= Beginning of Section =

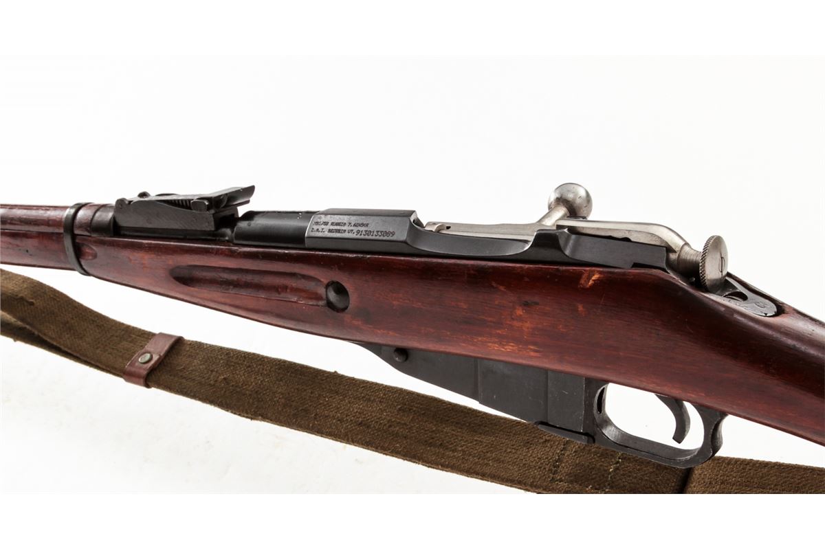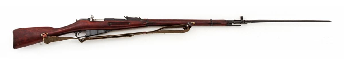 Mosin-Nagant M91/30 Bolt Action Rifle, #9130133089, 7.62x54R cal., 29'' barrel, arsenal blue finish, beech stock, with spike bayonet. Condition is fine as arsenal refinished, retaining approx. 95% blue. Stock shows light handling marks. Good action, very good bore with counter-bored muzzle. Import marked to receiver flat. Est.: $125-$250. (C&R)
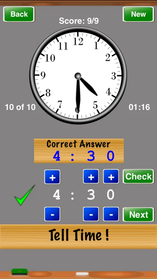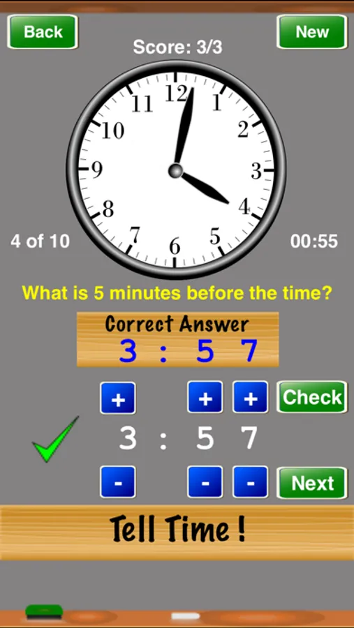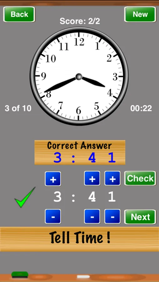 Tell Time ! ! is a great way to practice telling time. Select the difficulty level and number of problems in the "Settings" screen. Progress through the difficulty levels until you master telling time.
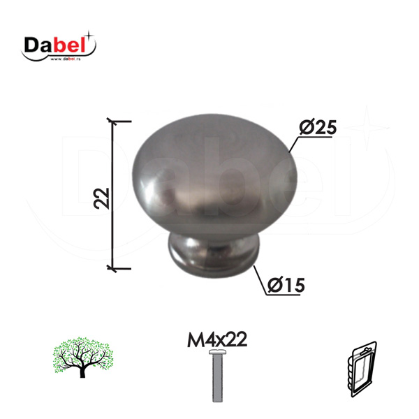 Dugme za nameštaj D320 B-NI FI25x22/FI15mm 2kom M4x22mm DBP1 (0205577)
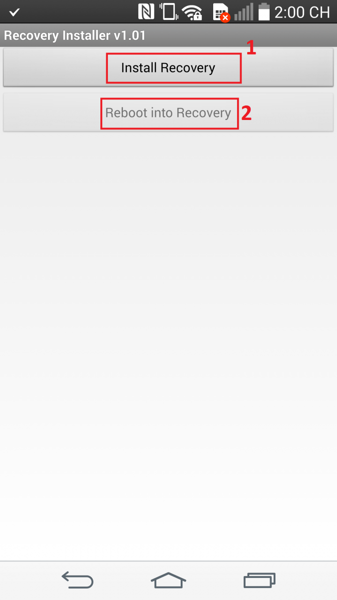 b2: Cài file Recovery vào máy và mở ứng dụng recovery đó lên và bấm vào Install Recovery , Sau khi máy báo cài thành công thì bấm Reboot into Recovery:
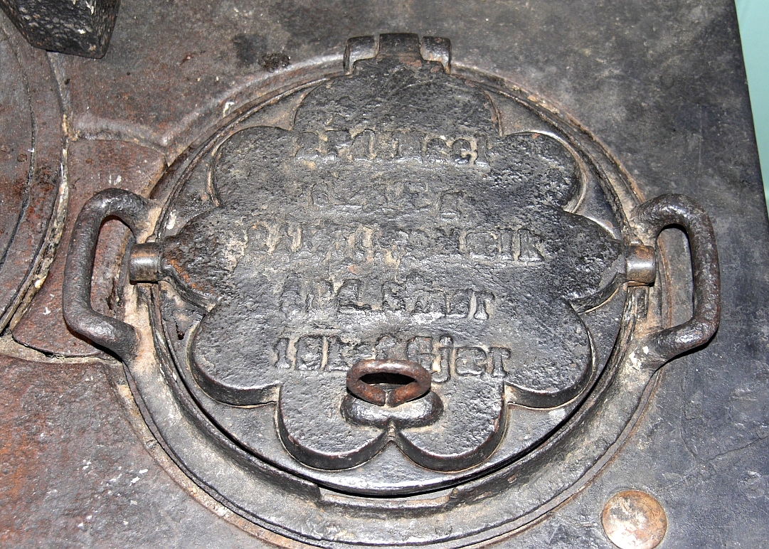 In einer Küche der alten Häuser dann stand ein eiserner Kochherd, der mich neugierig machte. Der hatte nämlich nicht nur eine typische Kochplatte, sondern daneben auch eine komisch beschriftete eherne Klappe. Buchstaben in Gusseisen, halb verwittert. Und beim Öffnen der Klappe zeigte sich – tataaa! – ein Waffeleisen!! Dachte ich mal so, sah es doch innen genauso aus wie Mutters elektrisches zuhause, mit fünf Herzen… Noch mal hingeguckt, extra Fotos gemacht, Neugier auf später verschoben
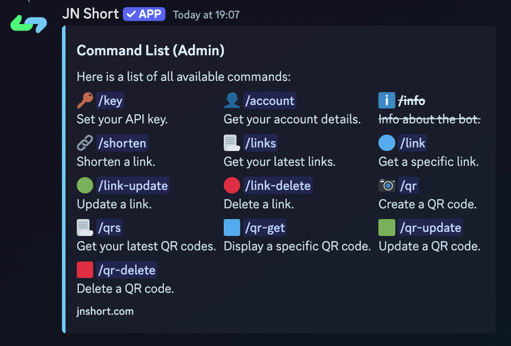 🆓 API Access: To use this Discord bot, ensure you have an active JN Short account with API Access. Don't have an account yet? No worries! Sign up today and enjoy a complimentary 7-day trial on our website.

= End of Section =

With the pictures omitted, print precisely the lines from the one with "b2: Cài file" to the final line of the records, both included.

▶ ANSWER SPACE
 b2: Cài file Recovery vào máy và mở ứng dụng recovery đó lên và bấm vào Install Recovery , Sau khi máy báo cài thành công thì bấm Reboot into Recovery:
 In einer Küche der alten Häuser dann stand ein eiserner Kochherd, der mich neugierig machte. Der hatte nämlich nicht nur eine typische Kochplatte, sondern daneben auch eine komisch beschriftete eherne Klappe. Buchstaben in Gusseisen, halb verwittert. Und beim Öffnen der Klappe zeigte sich – tataaa! – ein Waffeleisen!! Dachte ich mal so, sah es doch innen genauso aus wie Mutters elektrisches zuhause, mit fünf Herzen… Noch mal hingeguckt, extra Fotos gemacht, Neugier auf später verschoben
 🆓 API Access: To use this Discord bot, ensure you have an active JN Short account with API Access. Don't have an account yet? No worries! Sign up today and enjoy a complimentary 7-day trial on our website.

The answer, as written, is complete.